When you want something refreshing and delicious, sometimes you need to look at new combinations. Avocado and pomegranate is one of those combinations. The buttery avocado complements the bright flavor of the pomegranate seeds perfectly. This salsa is colorful and delicious. The contrast of the red pomegranate seeds with the soft green-yellow avocado pieces makes this dish a feast for the eyes as well as the stomach. The roasted zucchini adds another layer of flavor to this interesting salsa. If you want to make a salsa that will make a great impression, you have to make avocado and pomegranate salsa.
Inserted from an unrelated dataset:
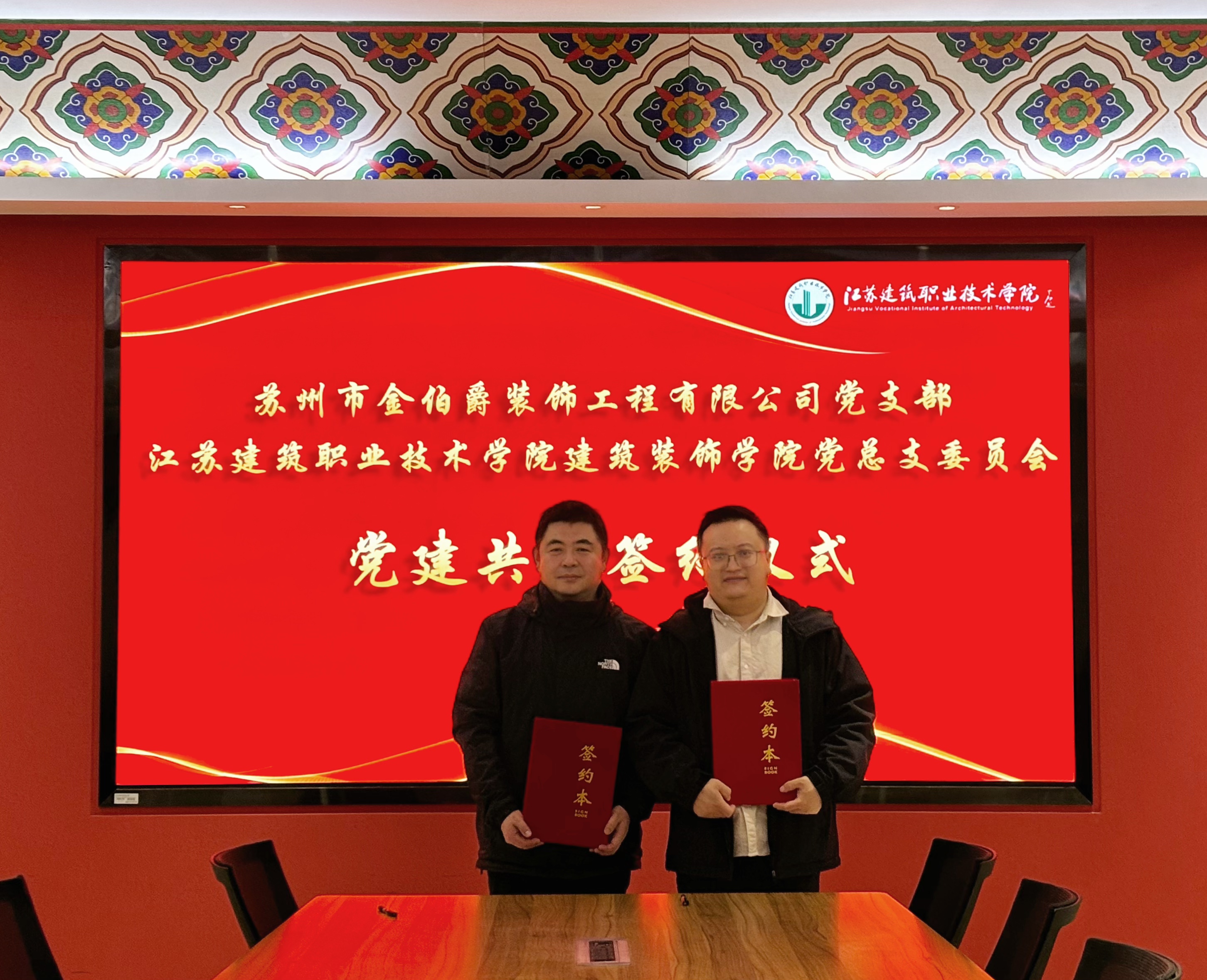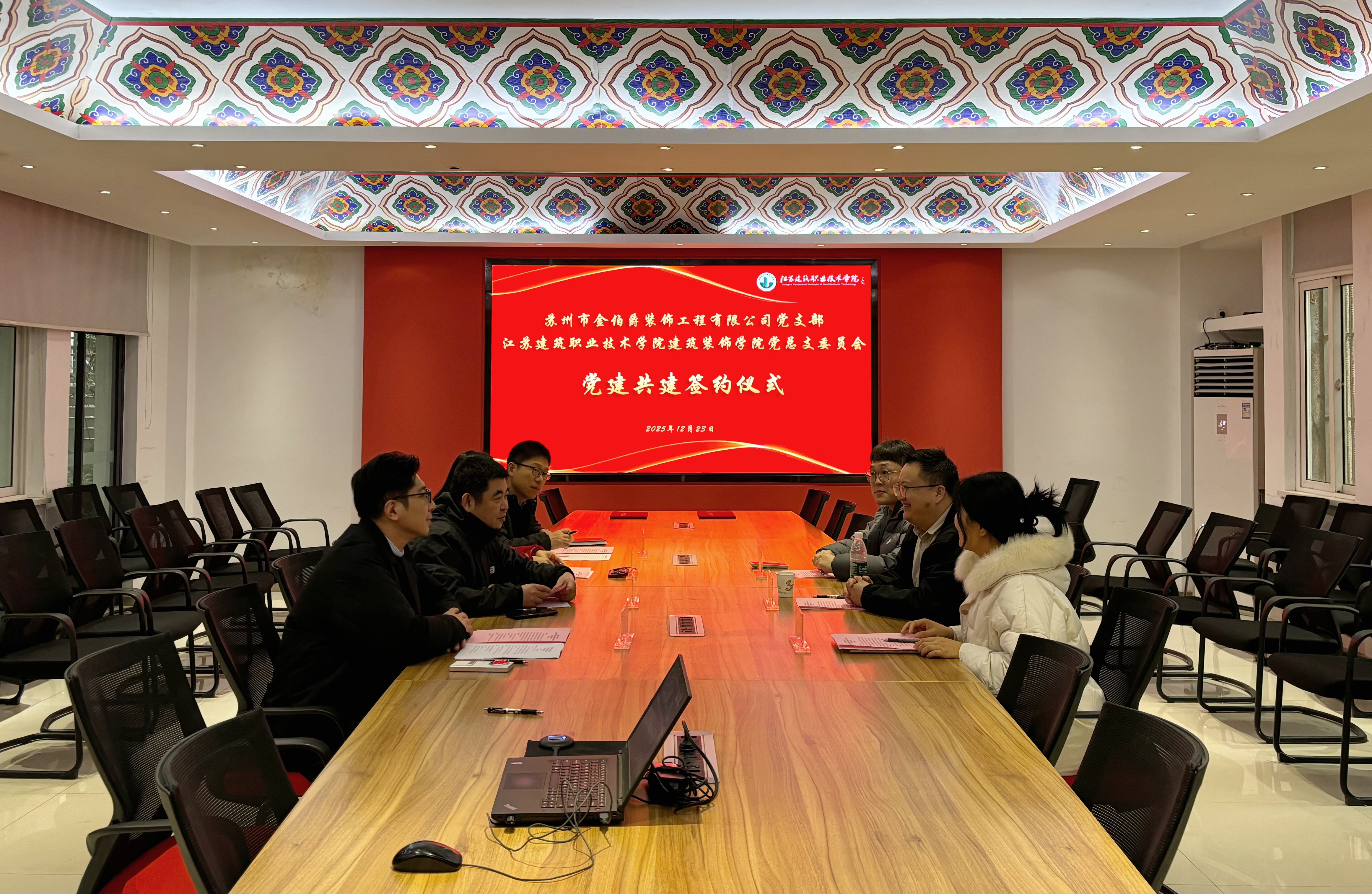 12月23日下午,建筑装饰学院党总支与苏州市金伯爵装饰工程有限公司党建共建签约仪式在建筑装饰学院会议室举行。双方以“党建引领·发展共谋”为主题,签署《党建共建合作协议》,标志着校企党组织合作迈入新阶段,共同开启以高质量党建引领事业融合发展的重要篇章。

Pomegranates are one of the oldest cultivated fruits in the world, yet to many of us they still seem exotic. The jewel-like red seeds are full of nutrition and flavor. You can find pomegranates in season from September through January. Use the flavor and color to really highlight your dishes.
Choose ripe avocados if you will use them right away. If you want them to keep for awhile, choose harder, unripe specimens. Keep them on the counter and they should ripen in a few days. Unlike most fruits, avocados do not ripen until they are picked. Once they are ripe, you can sometimes keep them another day or two in the refrigerator. When you cut them open, use a citrus juice like lemon or lime to prevent the avocado from browning. The lime juice in our recipe here takes care of that issue right away. Serve this delicious dish with chips, or spoon some over a cooked chicken breast or fish fillet.
Ingredients -
2 zucchini, trimmed and cut into ½ inch diced pieces
1 Tablespoon extra virgin olive oil
1 teaspoon fresh oregano, finely chopped
¾ teaspoon coarse salt
Freshly ground pepper
¼ cup red onion, finely chopped
1 avocado, halved, pitted, peeled and diced into ¼ inch pieces
½ cup pomegranate seeds
1 Tablespoon feta cheese, crumbled
1 Tablespoon fresh lime juice
Preparation:
Preheat oven to 425 degrees Fahrenheit.
Toss the zucchini with oregano, olive oil, ¼ teaspoon salt, and 1 teaspoon pepper in a bowl. Spread the seasoned zucchini in a single layer on a baking sheet with a rim. Roast until golden brown and tender, tossing once. This takes about 25 minutes. Transfer the zucchini to a wire rack and let it cool completely.
Transfer the cooled zucchini to a medium bowl. Add your avocado, onion, pomegranate seeds, feta cheese, lime juice, ¼ teaspoon salt, and 1 teaspoon pepper. Gently stir to combine the ingredients. Let it chill in the refrigerator for 30 minutes to 2 hours.
Serve with chips, pita bread or serve on chicken or fish fillets.